§ **Work instruction**
Look for the line containing "Figure 17 Parliament" and the line containing "Figure 10 High" in the entries below. Copy those two and all lines between them exactly, leaving out pictures.

━━━ Data excerpts

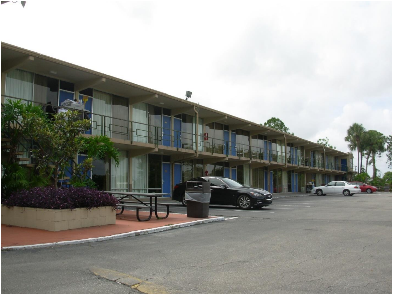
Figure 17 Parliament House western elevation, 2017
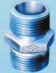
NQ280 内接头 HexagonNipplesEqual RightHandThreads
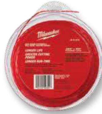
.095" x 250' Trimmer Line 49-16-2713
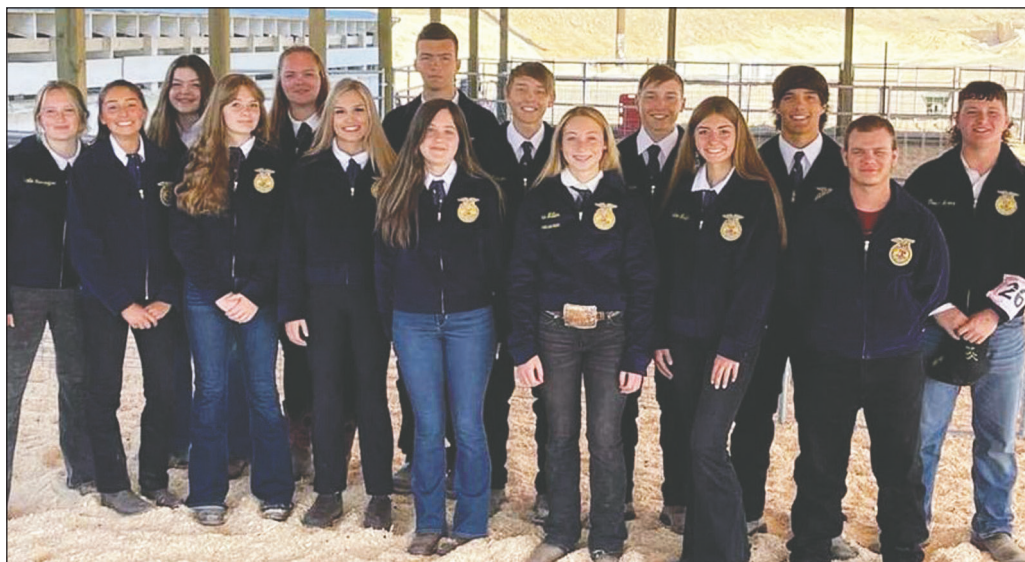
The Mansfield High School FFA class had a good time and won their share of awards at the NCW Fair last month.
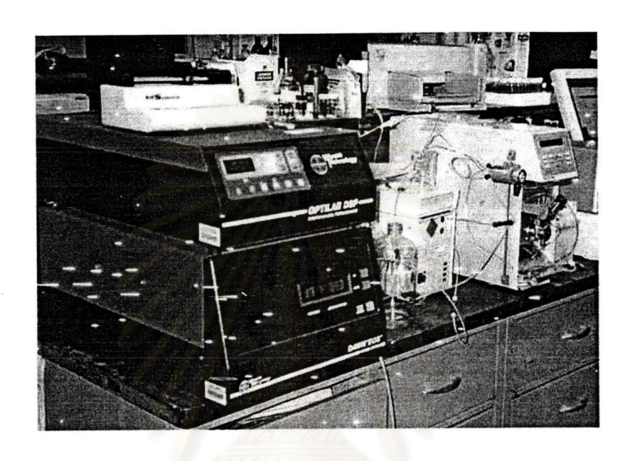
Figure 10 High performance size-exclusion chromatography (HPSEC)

━━━━━━
━━━ Data excerpts

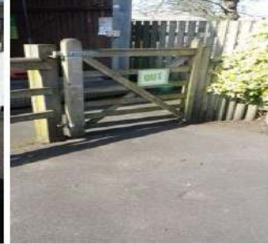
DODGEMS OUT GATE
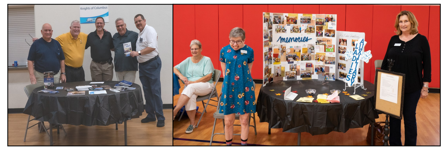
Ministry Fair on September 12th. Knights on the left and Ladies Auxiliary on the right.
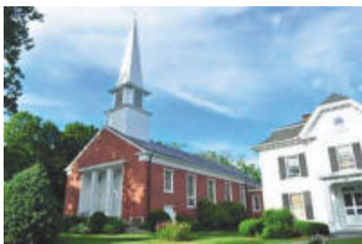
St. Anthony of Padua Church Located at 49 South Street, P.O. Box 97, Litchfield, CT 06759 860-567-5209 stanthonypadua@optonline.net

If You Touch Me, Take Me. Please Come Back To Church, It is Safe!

━━━━━━

§ **Written response**
Figure 17 Parliament House western elevation, 2017
NQ280 内接头 HexagonNipplesEqual RightHandThreads
.095" x 250' Trimmer Line 49-16-2713
The Mansfield High School FFA class had a good time and won their share of awards at the NCW Fair last month.
Figure 10 High performance size-exclusion chromatography (HPSEC)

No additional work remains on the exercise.